COMMONWEALTH COURT OF PENNSYLVANIA
Feb 3, 2012
No. 294 C.D. 2011 (Pa. Cmmw. Ct. Feb. 3, 2012)

Opinion

No. 294 C.D. 2011

02-03-2012

Shara Stokes, Petitioner v. Workers' Compensation Appeal Board (HGO, Inc.), Respondent


BEFORE: HONORABLE DAN PELLEGRINI, Judge HONORABLE P. KEVIN BROBSON, Judge HONORABLE PATRICIA A. McCULLOUGH, Judge OPINION NOT REPORTED MEMORANDUM OPINION BY JUDGE McCULLOUGH

This case was assigned to the opinion writer before January 7, 2012, when Judge Pellegrini became President Judge.

Shara Stokes (Claimant) petitions for review of the January 26, 2011, order of the Workers' Compensation Appeal Board (Board), which affirmed the decision of a workers' compensation judge (WCJ) granting the termination petition filed by HGO, Inc. (Employer). We affirm.

This decision was issued by WCJ Debra Lee Bowers.

Claimant worked for Employer as a housekeeper. (Finding of Fact No. 1.) On January 24, 2001, during the course of her employment, Claimant sustained an injury to her right wrist. Id. Employer issued a notice of temporary compensation payable on April 4, 2001, which eventually converted to a notice of compensation payable, accepting a work injury in the nature of a right wrist strain/sprain. (R.R. at 10a.) On June 16, 2003, WCJ Carl Lorine granted Employer's request for a suspension of Claimant's benefits from August 10, 2001, to August 1, 2002, based upon Claimant's refusal to accept an available position with Employer that only required Claimant to use her left hand. (R.R. at 83a-90a.) However, Claimant's total disability benefits were reinstated as of August 2, 2002. (R.R. at 10a.) On August 13, 2004, WCJ Lorine denied a petition filed by Employer seeking to modify and/or suspend Claimant's benefits based upon an offer of a similar job. (R.R. at 91a-101a.)

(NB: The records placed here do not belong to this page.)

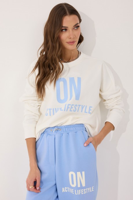 Костюм состоящий из джемпера и брюк. Джемпер прямого силуэта с притачный поясом по низу из трикотажного полотна. Горловина округлая с притачной планкой. Джемпер со спущенным плечом, рукав одношовный втачной с притачным манжетам по низу. По переду дизайнерская печать. Брюки прямого силуэта из комфортного трикотажного полотна. По верху брюк притачной пояс на резинке с кулисой и фиксаторами. В боковом шве карманы. Ширина брюк по низу регулируется за счет эластичной тесьмы и фиксаторов. По левой лицевой стороне брюк дизайнерская печать. Обращаем ваше внимание, что фурнитура может незначительно отличаться от фото.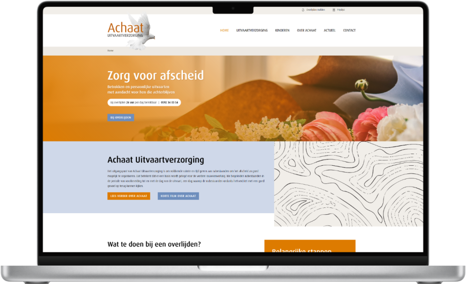 Al meer dan 11 jaar zijn wij de trotse digitale partner voor Achaat Uitvaartverzorging in Assen. In die jaren hebben we diverse keren de website mogen vernieuwen, altijd met als doel een online omgeving te creëren die warmte, rust en helderheid uitstraalt.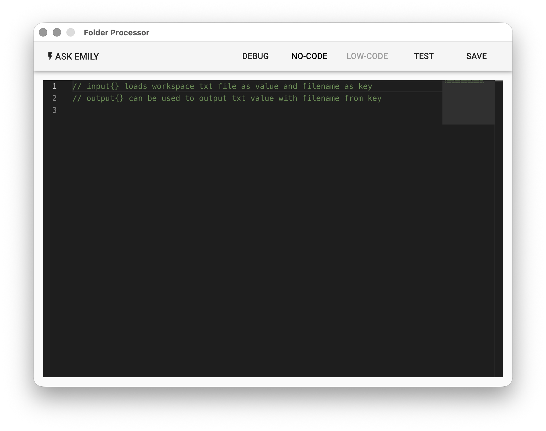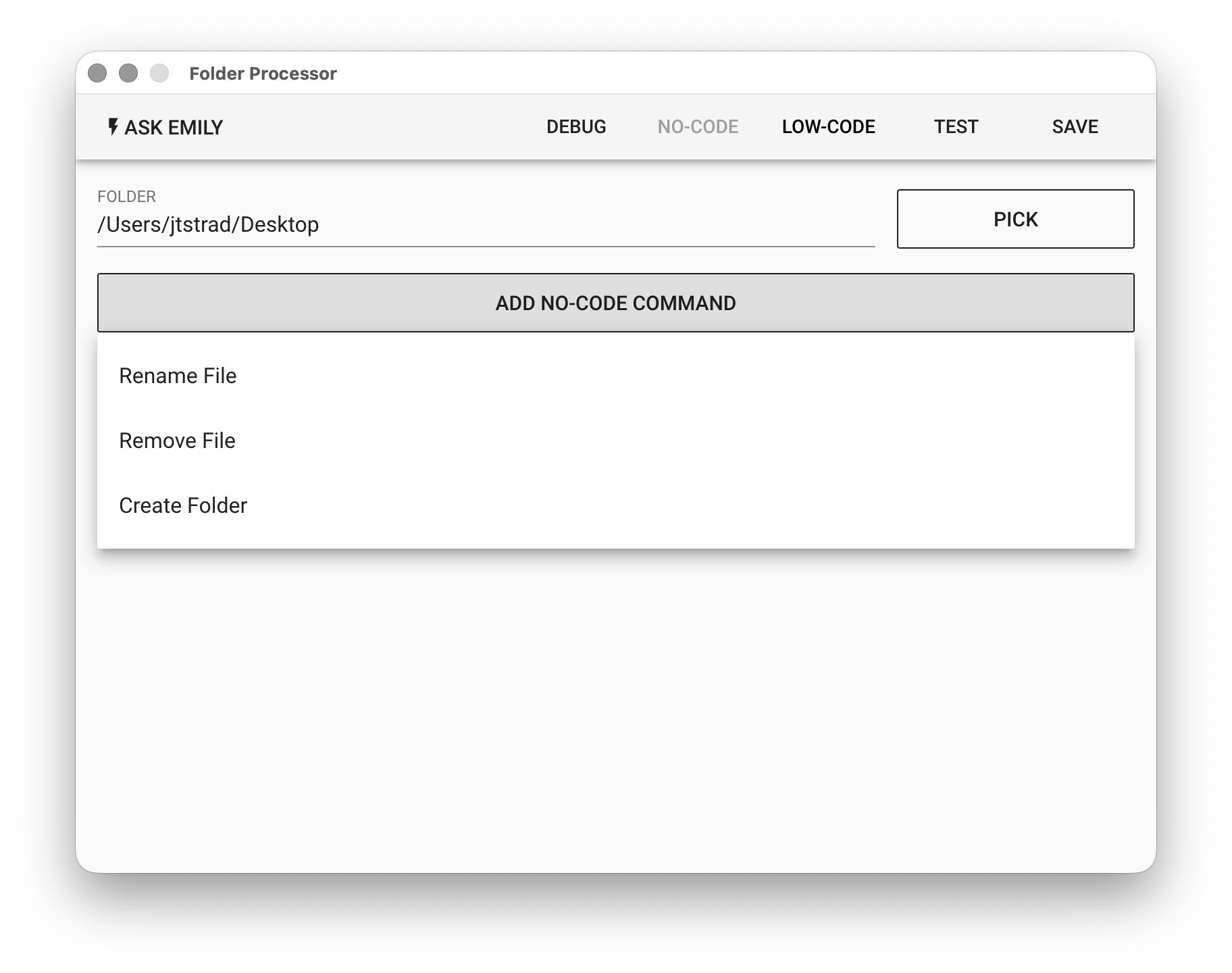 Provides no-code commands such as: "Rename File", "Delete File", "Create Folder", etc. For example, rename the file output.csv to order.csv in the specified folder.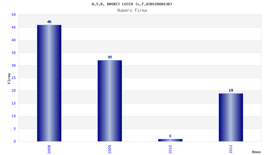 | Anno | Firme | Importi | Media | Naz. | Reg. | Prov. | Comu. |

Employer appealed this decision to the Board, which, by order dated June 20, 2005, remanded the matter to the WCJ for further findings as to whether the offered job was the same job offered in 2001, and, if so, whether the doctrine of collateral estoppel is applicable. (R.R. 112a-118a.) On remand, WCJ Lorine concluded that Employer failed to establish that the job offered in 2003 was the same job offered in 2001 or that any such job was in fact available to Claimant. (R.R. at 119a-30a.) Hence, on April 5, 2006, WCJ Lorine again issued a decision denying Employer's modification/suspension petition. Id.

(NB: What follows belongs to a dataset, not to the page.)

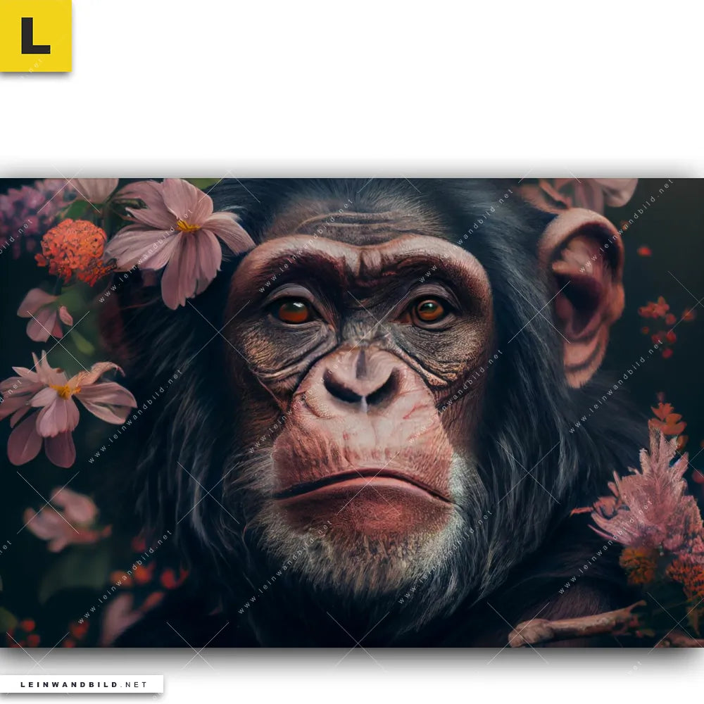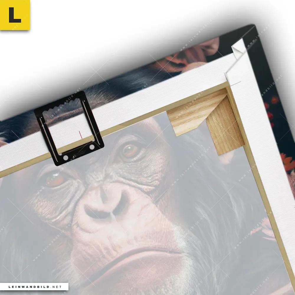 Du konfigurierst Dein individuelles Leinwandbild | Schimpanse zwischen Blumen | Querformat und wir produzieren es NEU für Dich. Unsere Tierwelt Leinwände sind KEINE Lagerware. Du bist Dir unsicher, welches Motiv oder Format das richtige für dein individuelles Keilrahmenbild ist, dann helfen wir dir gerne weiter und beraten dich!
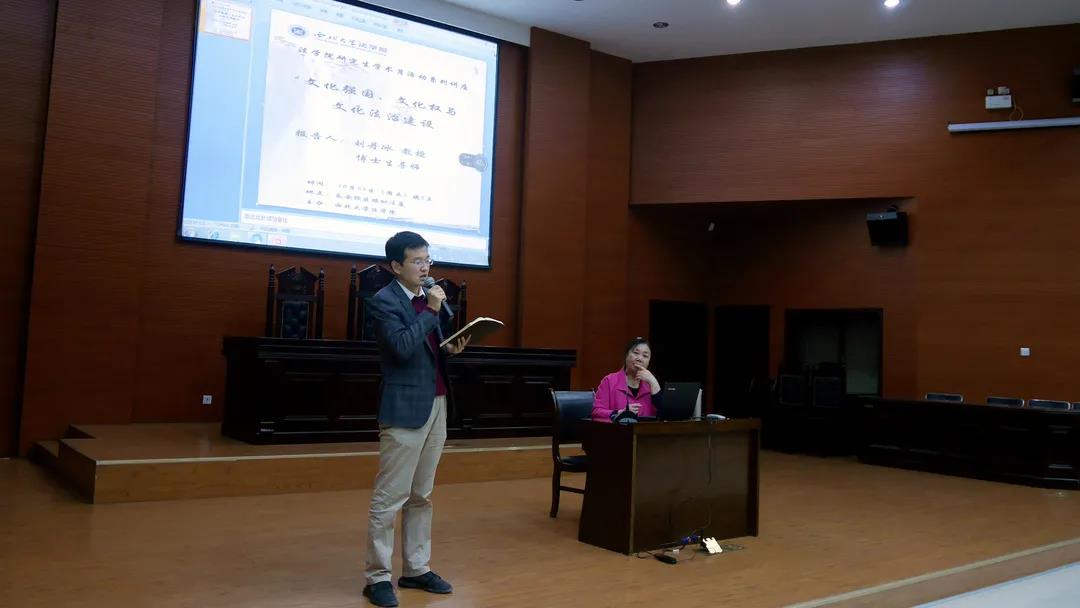 10月23日,由学校研究生院、研究生工作部主办,学院承办的“导师讲坛”第144讲在长安校区模拟法庭顺利举行。学院刘丹冰教授受邀做了题为“文化强国、文化权与法治建设”的学术报告。本次“导师讲坛”是第十四届研究生学术活动月系列讲座之一,学院教师吕康宁等180余名师生参加了此次活动。

On March 18, 2005, WCJ Lorine denied a claim petition wherein Claimant sought benefits for the loss of use of her right hand, forearm, and/or arm for all practical intents and purposes. (R.R. at 102a-10.) On August 8, 2008, WCJ Kelly Melcher issued a decision denying a modification petition filed by Employer on the basis of an earning power assessment and labor market survey. (R.R. at 131a-39a.) On April 17, 2009, Employer filed the present petition to terminate Claimant's compensation benefits, alleging that, based on a recent independent medical evaluation (IME), Claimant was fully recovered and capable of returning to work without restrictions. Claimant filed an answer denying this allegation, and the case proceeded with hearings before WCJ Bowers.

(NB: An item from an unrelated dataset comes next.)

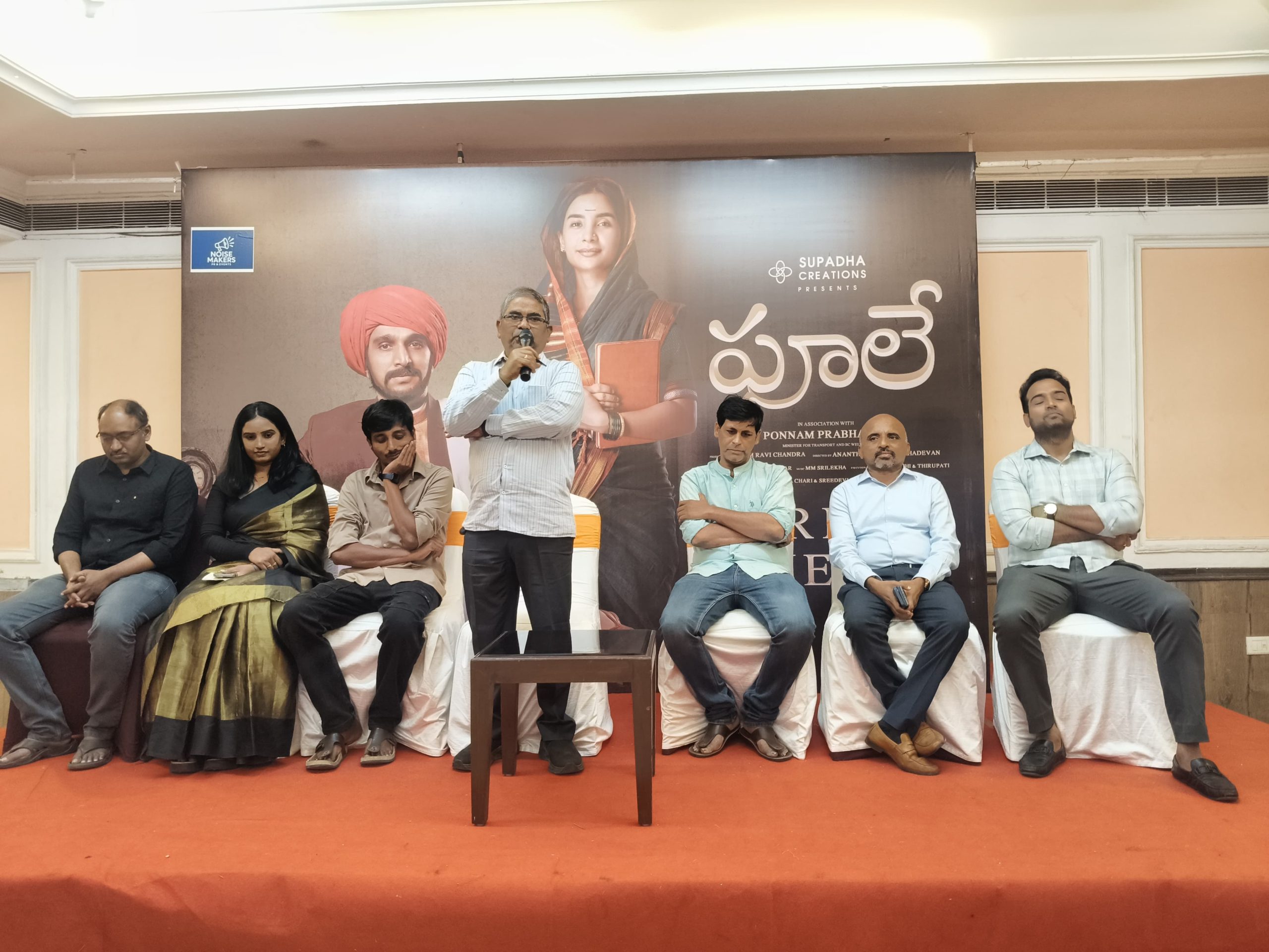 పూలే సినిమాను ప్రివ్యూ షో చూసి సినిమా టీమ్ ని అభినందించిన తెలంగాణ రాష్ట్ర ముఖ్యమంత్రి రేవంత్ రెడ్డి, ఉప ముఖ్యమంత్రి భట్టి విక్రమార్క , పొన్నం ప్రభాకర్, మంత్రివర్గ సభ్యులు శాసనమండలి సభ్యులు శాసనసభ్యులు, దిల్ రాజు లకు హృదయపూర్వక కృతజ్ఞతలు తెలియజేస్తున్నట్లు పొన్నం రవిచంద్ర, కత్తి చేతన్ సివి నవీన్ కుమార్, రాజీవ్ చంద్ర పొన్నంలు తెలిపారు. ఈ సినిమాకు వినోదపు పన్ను మినహాయింపు ఇవ్వాలని రాష్ట్ర ప్రభుత్వాన్ని కోరారు. ఈ సినిమా భారతీయ సమాజానికి అద్భుతమైన సందేశాన్ని ఇస్తుందని మహిళా అభ్యున్నతికి ఆనాడు ఉన్న కుల వివక్షకు వ్యతిరేకంగా సర్వ సమానత్వ భావన కోసం జరిపిన త్యాగాలను ఈ తరానికి గుర్తు చేస్తుందని వారు అన్నారు. తెలుగు సమాజంలో బహుజన రాజకీయ అధికారానికి బాటలు వేస్తుందన్నారు. ఈ సినిమా సెన్సార్ బోర్డ్ పరిశీలన తర్వాత జనవరి చివరి వారంలో అన్ని థియేటర్లలో రిలీజ్ చేస్తామన్నారు. మనం ఇప్పుడు ఈ ఆధునిక ప్రజాస్వామిక సమాజంలో ఉన్నామంటే పూలే అంబేద్కర్ లాంటి దార్షానిక విప్లవకారులే కారణమన్నారు. ఈ సమావేశంలో తిరుపతి గౌని, ఉదయ్ కుంభం, జనని, నేతికార్ సురేష్ లాల్, అభినవ్ వరాల, నీలం రమేష్, బత్తిని వినయ్ గౌడ్, బత్తుల గణేష్ పాల్గొన్నారు.

Employer presented the deposition testimony of Stephanie Sweet, M.D., who is board-certified in orthopedic surgery with an added certification in hand surgery. Dr. Sweet conducted an IME of Claimant on February 24, 2009, which included a review of Claimant's medical records and previous diagnostic studies. Dr. Sweet testified that her physical examination revealed no objective findings to support Claimant's subjective complaints of pain. Dr. Sweet indicated that Claimant underwent two surgeries on her right wrist for treatment of her work injury, later diagnosed as DeQuervain's tenosynovitis, the first deemed a failure and the second deemed a success. Dr. Sweet noted that, although Claimant insisted that she used her right hand minimally, there was no disuse osteopenia or atrophy, abnormal callous pattern, or focal problem. Dr. Sweet opined that Claimant had no remaining disability related to her original work injury and that Claimant was capable of returning to her pre-injury job with no restrictions. Dr. Sweet completed a physician's affidavit of recovery to that effect. (Finding of Fact No. 2.)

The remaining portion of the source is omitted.